Task:
Your answer must be the lines from the first record through the line that contains "建设中的山东东营垦利100万千瓦海上光伏项目", copied exactly and without any pictures.

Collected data

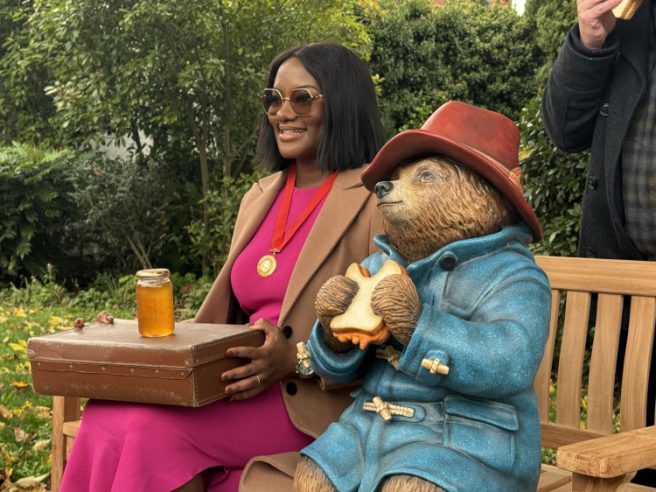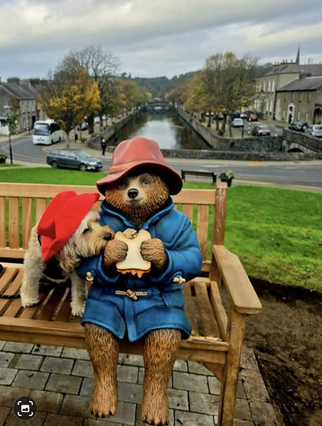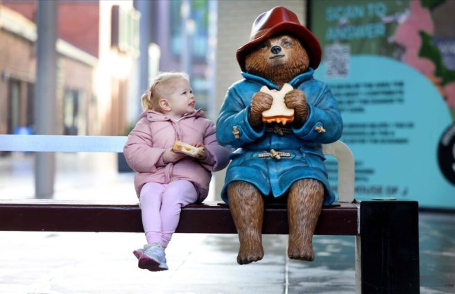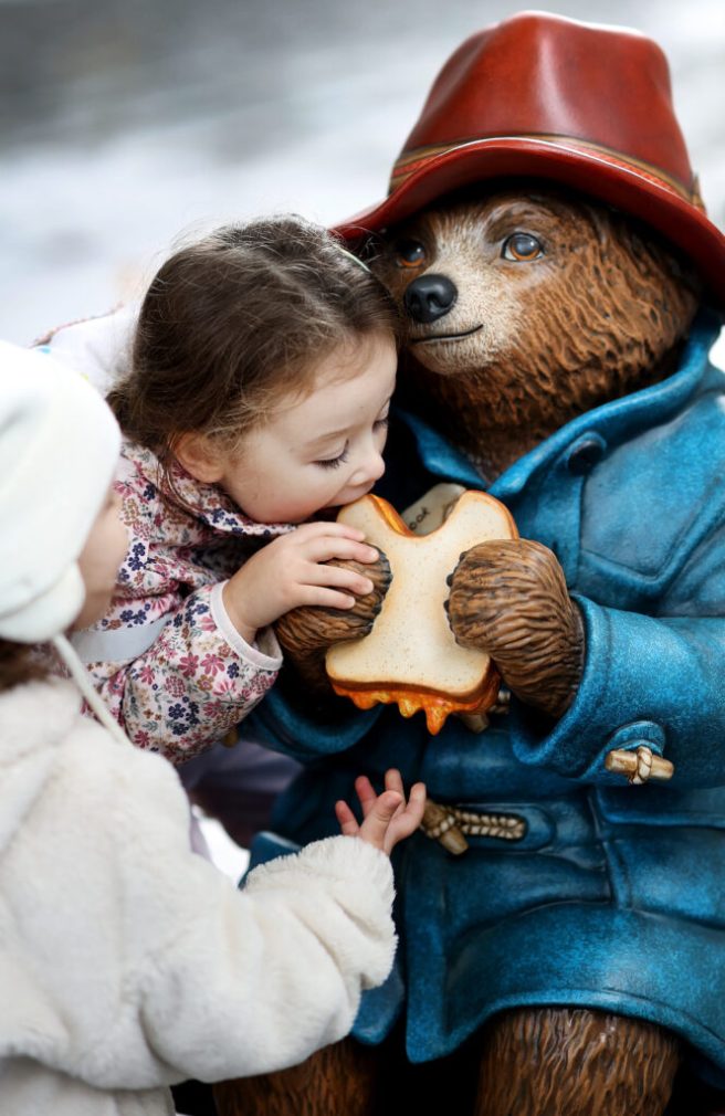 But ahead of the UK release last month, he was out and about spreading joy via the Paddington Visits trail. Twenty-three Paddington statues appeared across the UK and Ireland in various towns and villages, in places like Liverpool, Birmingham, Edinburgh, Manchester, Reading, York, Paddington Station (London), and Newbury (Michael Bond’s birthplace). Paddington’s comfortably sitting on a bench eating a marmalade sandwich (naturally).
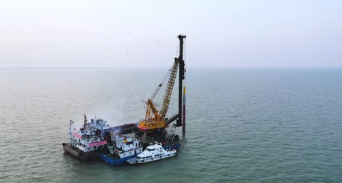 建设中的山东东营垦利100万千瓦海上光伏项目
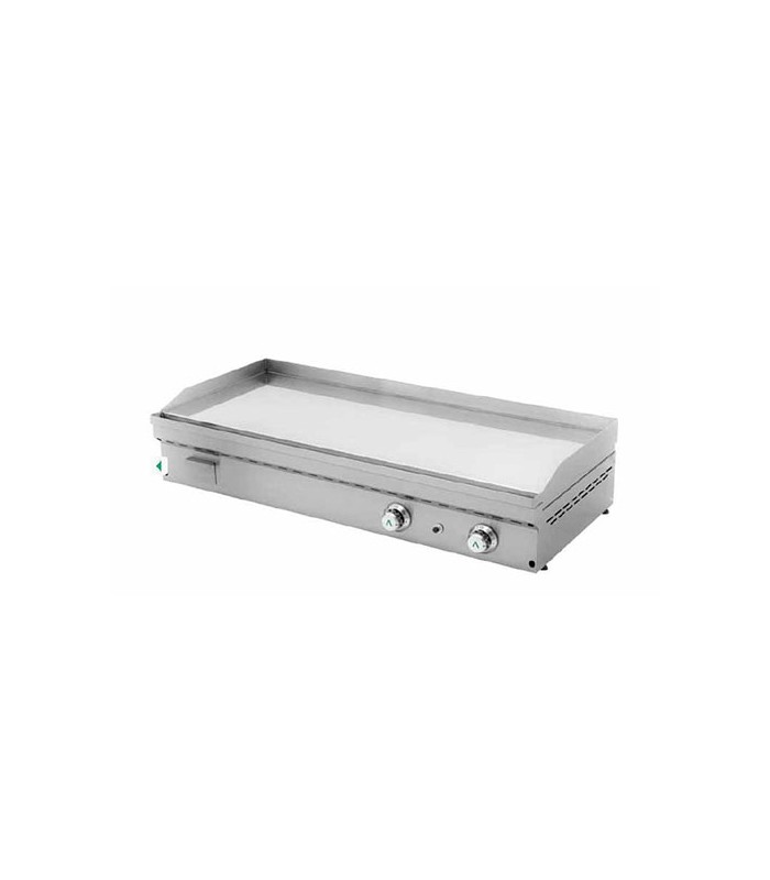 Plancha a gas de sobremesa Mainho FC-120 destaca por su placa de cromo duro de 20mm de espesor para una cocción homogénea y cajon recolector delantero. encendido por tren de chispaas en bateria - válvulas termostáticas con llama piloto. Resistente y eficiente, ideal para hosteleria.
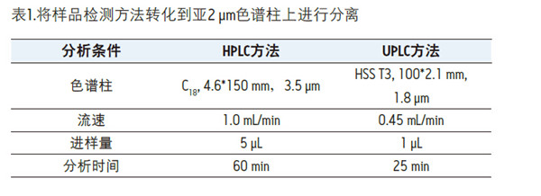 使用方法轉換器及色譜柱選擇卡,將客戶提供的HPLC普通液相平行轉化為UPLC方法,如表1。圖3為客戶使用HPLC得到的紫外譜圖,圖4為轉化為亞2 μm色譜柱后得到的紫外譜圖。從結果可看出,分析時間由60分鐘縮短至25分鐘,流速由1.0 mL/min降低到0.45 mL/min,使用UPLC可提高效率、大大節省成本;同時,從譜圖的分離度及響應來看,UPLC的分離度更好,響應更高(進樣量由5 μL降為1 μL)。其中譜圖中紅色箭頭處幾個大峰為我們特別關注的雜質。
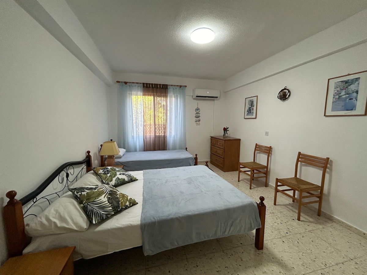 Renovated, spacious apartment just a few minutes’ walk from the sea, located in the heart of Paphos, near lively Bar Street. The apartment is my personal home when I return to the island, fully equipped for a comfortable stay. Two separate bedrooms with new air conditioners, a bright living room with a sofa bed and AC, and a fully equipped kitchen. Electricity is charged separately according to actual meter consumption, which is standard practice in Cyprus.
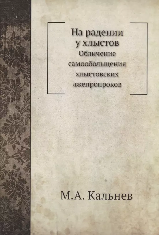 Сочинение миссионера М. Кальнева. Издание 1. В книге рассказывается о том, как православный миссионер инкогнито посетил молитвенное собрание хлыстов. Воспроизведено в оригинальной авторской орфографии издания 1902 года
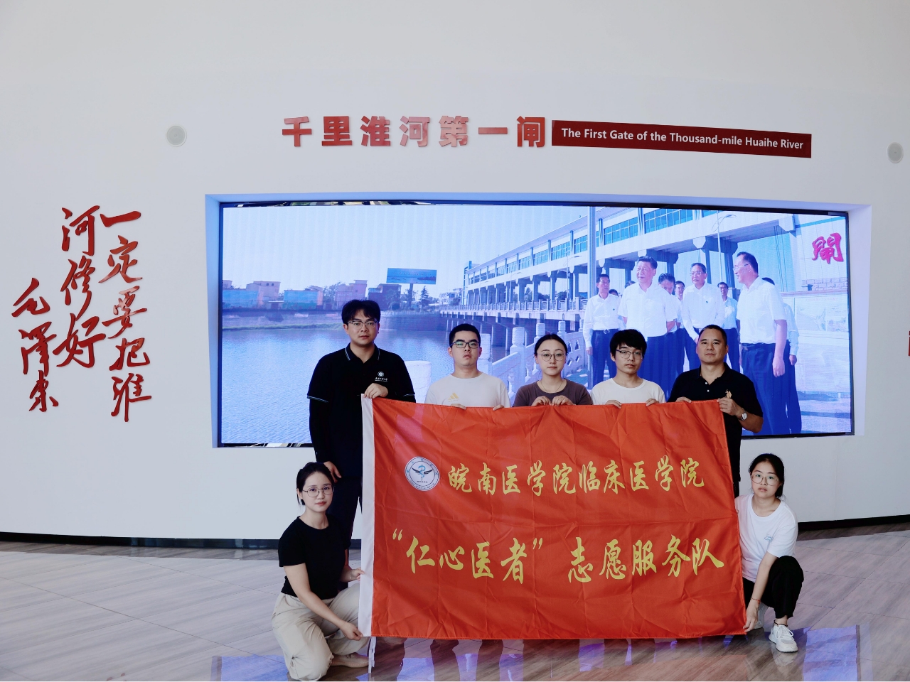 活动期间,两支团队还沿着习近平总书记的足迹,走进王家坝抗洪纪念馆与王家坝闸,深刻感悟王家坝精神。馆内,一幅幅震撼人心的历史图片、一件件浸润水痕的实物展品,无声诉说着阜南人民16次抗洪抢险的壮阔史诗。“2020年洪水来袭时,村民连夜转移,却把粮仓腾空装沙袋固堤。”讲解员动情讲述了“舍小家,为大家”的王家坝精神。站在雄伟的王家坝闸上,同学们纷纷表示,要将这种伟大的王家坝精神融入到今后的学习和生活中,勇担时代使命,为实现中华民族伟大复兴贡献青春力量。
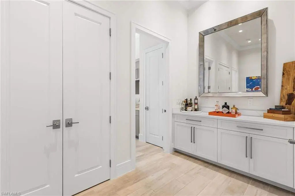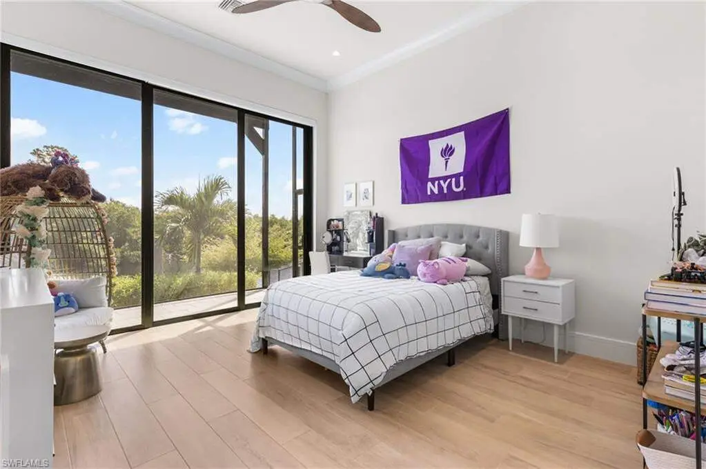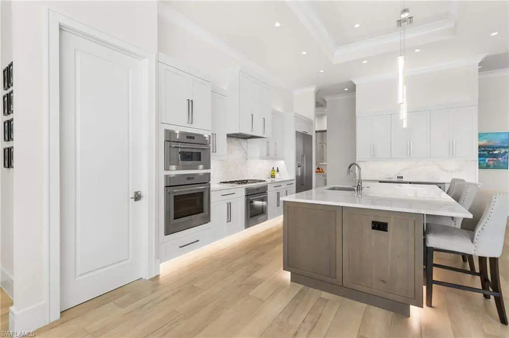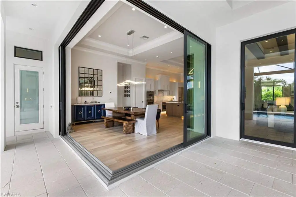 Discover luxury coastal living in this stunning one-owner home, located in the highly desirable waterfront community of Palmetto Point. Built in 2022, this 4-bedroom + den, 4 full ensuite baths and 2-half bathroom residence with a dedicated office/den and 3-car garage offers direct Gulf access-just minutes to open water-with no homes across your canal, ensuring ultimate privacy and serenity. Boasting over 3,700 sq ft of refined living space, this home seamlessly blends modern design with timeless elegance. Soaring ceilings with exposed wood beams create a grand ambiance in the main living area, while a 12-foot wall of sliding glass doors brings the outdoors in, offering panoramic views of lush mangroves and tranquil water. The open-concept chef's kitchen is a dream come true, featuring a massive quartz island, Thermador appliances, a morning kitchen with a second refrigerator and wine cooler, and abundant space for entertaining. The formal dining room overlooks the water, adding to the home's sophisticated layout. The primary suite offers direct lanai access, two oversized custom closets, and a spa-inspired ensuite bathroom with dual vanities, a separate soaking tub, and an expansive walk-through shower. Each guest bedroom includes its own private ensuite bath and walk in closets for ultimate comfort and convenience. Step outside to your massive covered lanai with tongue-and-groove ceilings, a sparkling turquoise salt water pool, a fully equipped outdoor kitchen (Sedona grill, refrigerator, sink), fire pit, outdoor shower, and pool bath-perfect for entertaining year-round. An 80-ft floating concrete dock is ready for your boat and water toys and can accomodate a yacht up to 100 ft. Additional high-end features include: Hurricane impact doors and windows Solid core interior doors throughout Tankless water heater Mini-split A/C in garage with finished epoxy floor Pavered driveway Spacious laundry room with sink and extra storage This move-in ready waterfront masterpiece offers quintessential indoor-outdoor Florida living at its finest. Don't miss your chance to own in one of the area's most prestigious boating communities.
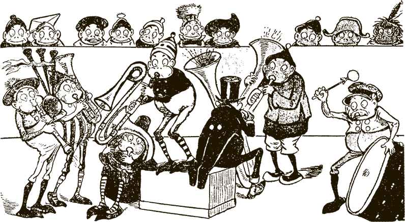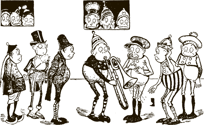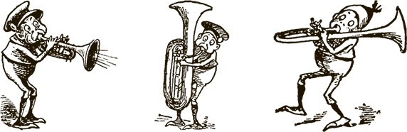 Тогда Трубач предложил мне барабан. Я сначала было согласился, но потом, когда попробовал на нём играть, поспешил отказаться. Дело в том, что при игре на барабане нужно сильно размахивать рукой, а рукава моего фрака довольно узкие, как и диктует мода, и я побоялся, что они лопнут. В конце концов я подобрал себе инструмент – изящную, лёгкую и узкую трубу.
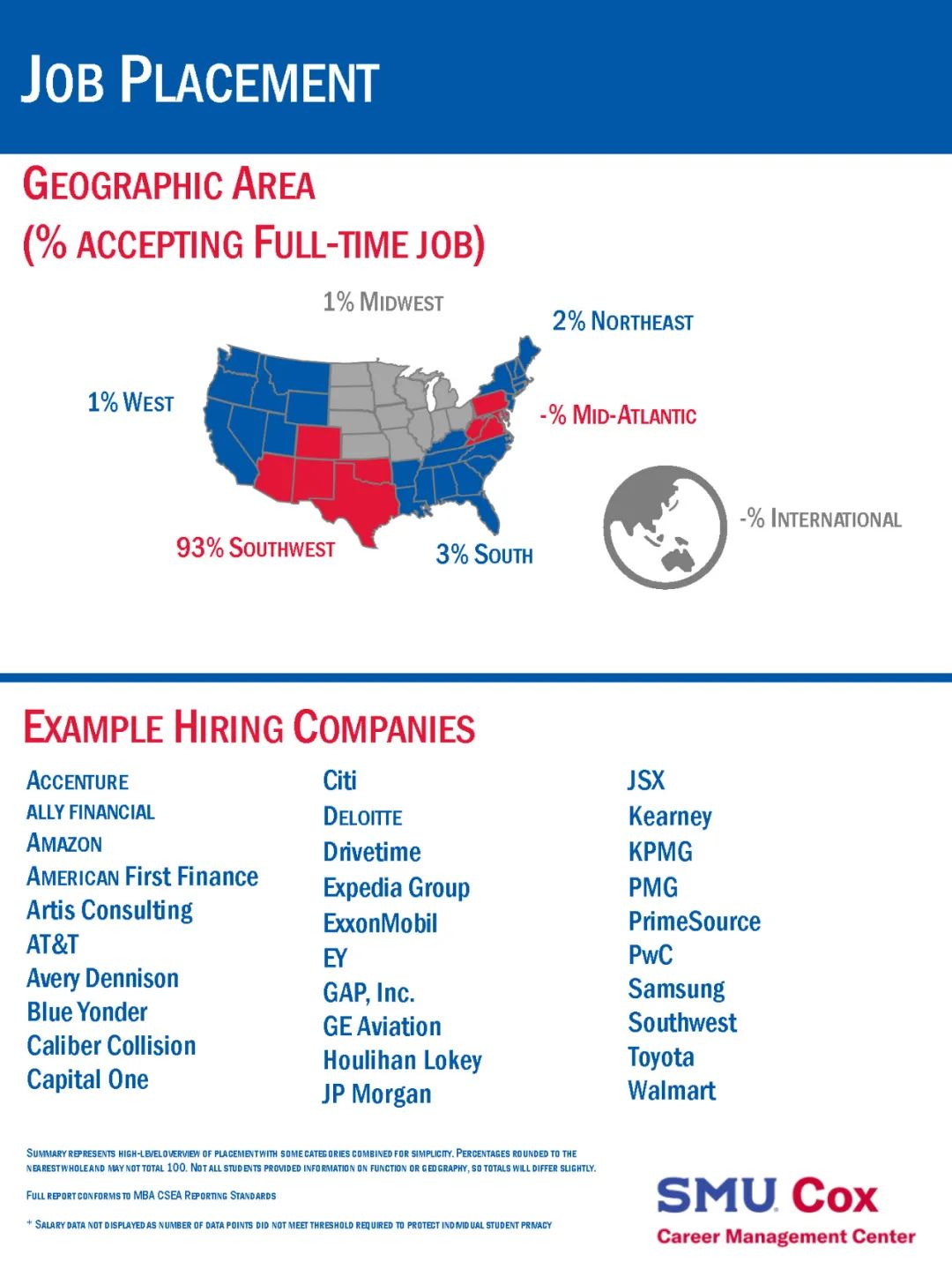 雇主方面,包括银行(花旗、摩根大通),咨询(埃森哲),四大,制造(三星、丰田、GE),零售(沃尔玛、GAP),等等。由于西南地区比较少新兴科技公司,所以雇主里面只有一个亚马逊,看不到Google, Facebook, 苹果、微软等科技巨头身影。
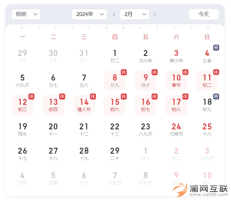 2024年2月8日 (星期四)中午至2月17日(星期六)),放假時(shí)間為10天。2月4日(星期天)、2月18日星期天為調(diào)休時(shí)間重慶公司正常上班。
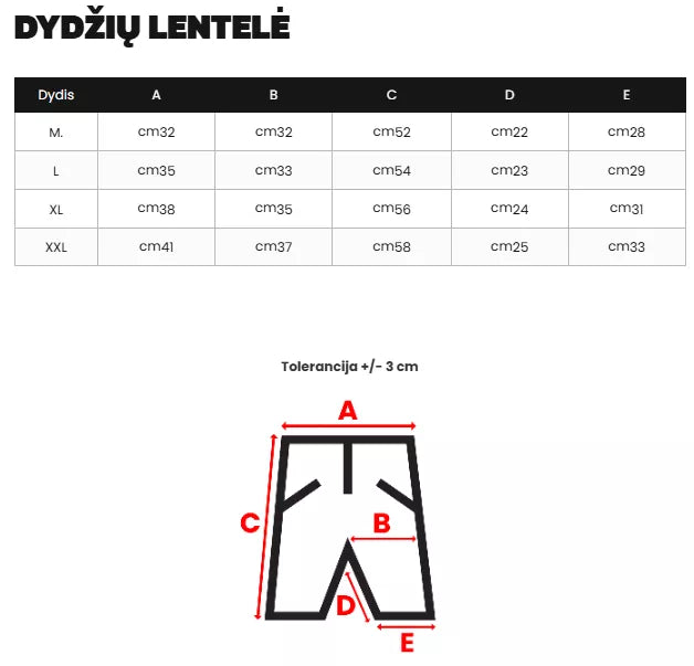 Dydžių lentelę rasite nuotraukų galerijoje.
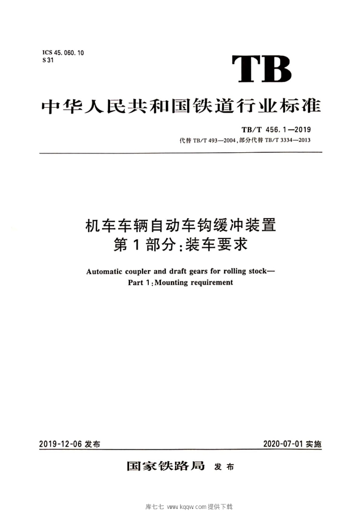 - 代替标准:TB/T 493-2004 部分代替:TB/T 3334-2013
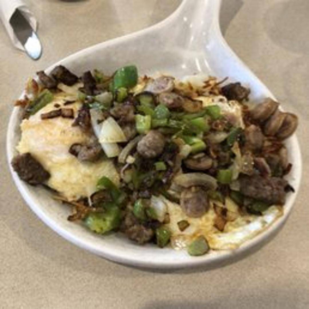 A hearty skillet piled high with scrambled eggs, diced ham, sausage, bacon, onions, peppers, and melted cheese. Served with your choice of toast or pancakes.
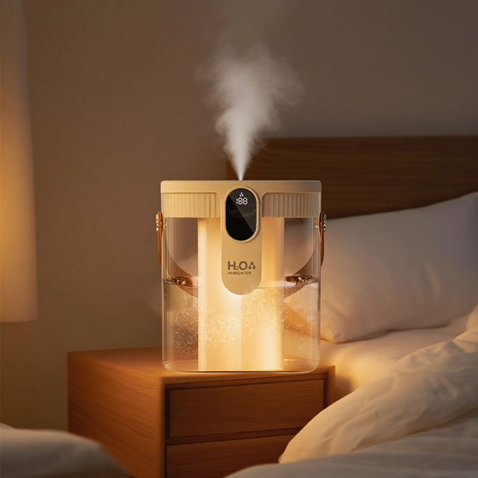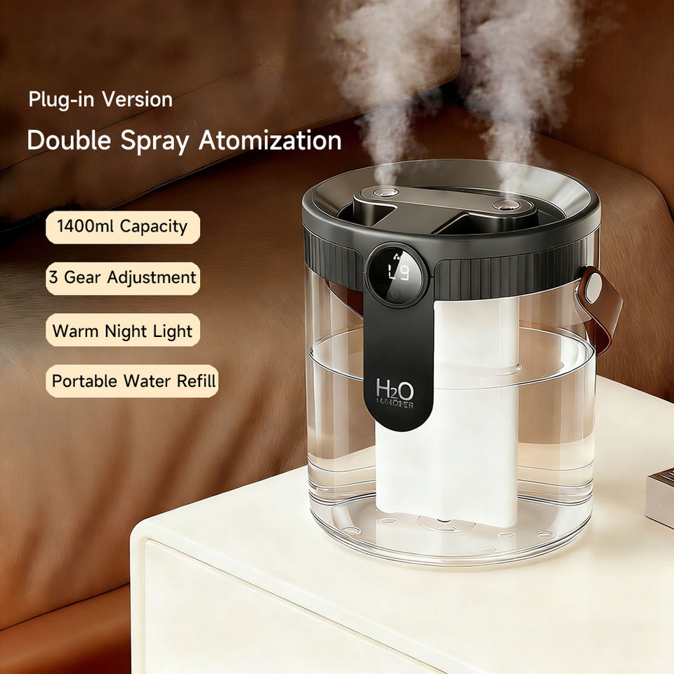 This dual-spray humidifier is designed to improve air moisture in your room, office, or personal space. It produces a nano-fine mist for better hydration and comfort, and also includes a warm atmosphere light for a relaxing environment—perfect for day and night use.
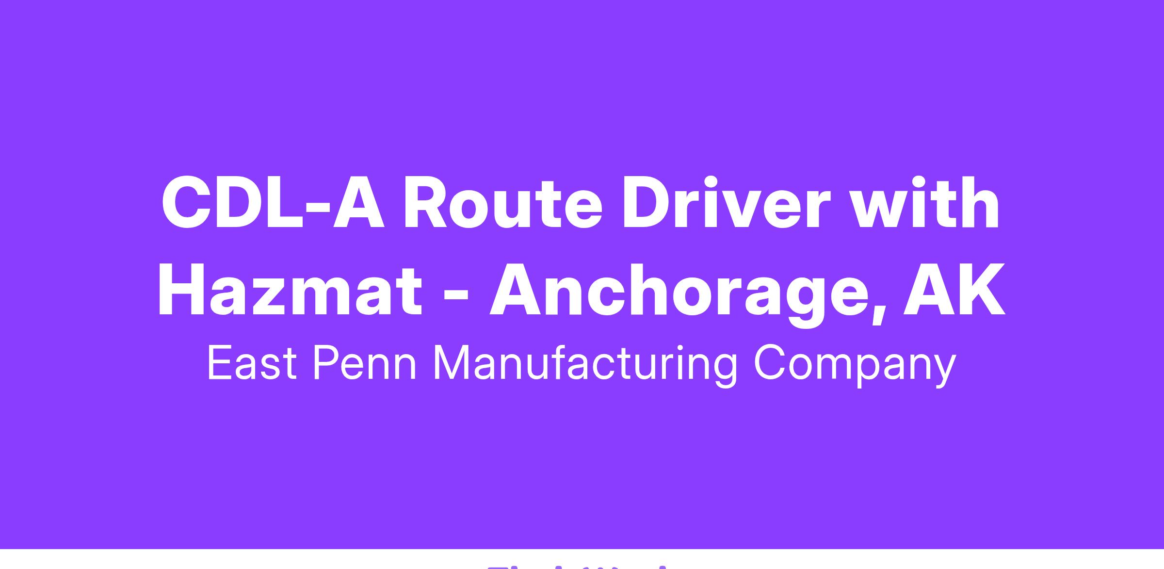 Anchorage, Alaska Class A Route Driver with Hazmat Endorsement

Answer section:
 But ahead of the UK release last month, he was out and about spreading joy via the Paddington Visits trail. Twenty-three Paddington statues appeared across the UK and Ireland in various towns and villages, in places like Liverpool, Birmingham, Edinburgh, Manchester, Reading, York, Paddington Station (London), and Newbury (Michael Bond’s birthplace). Paddington’s comfortably sitting on a bench eating a marmalade sandwich (naturally).
 建设中的山东东营垦利100万千瓦海上光伏项目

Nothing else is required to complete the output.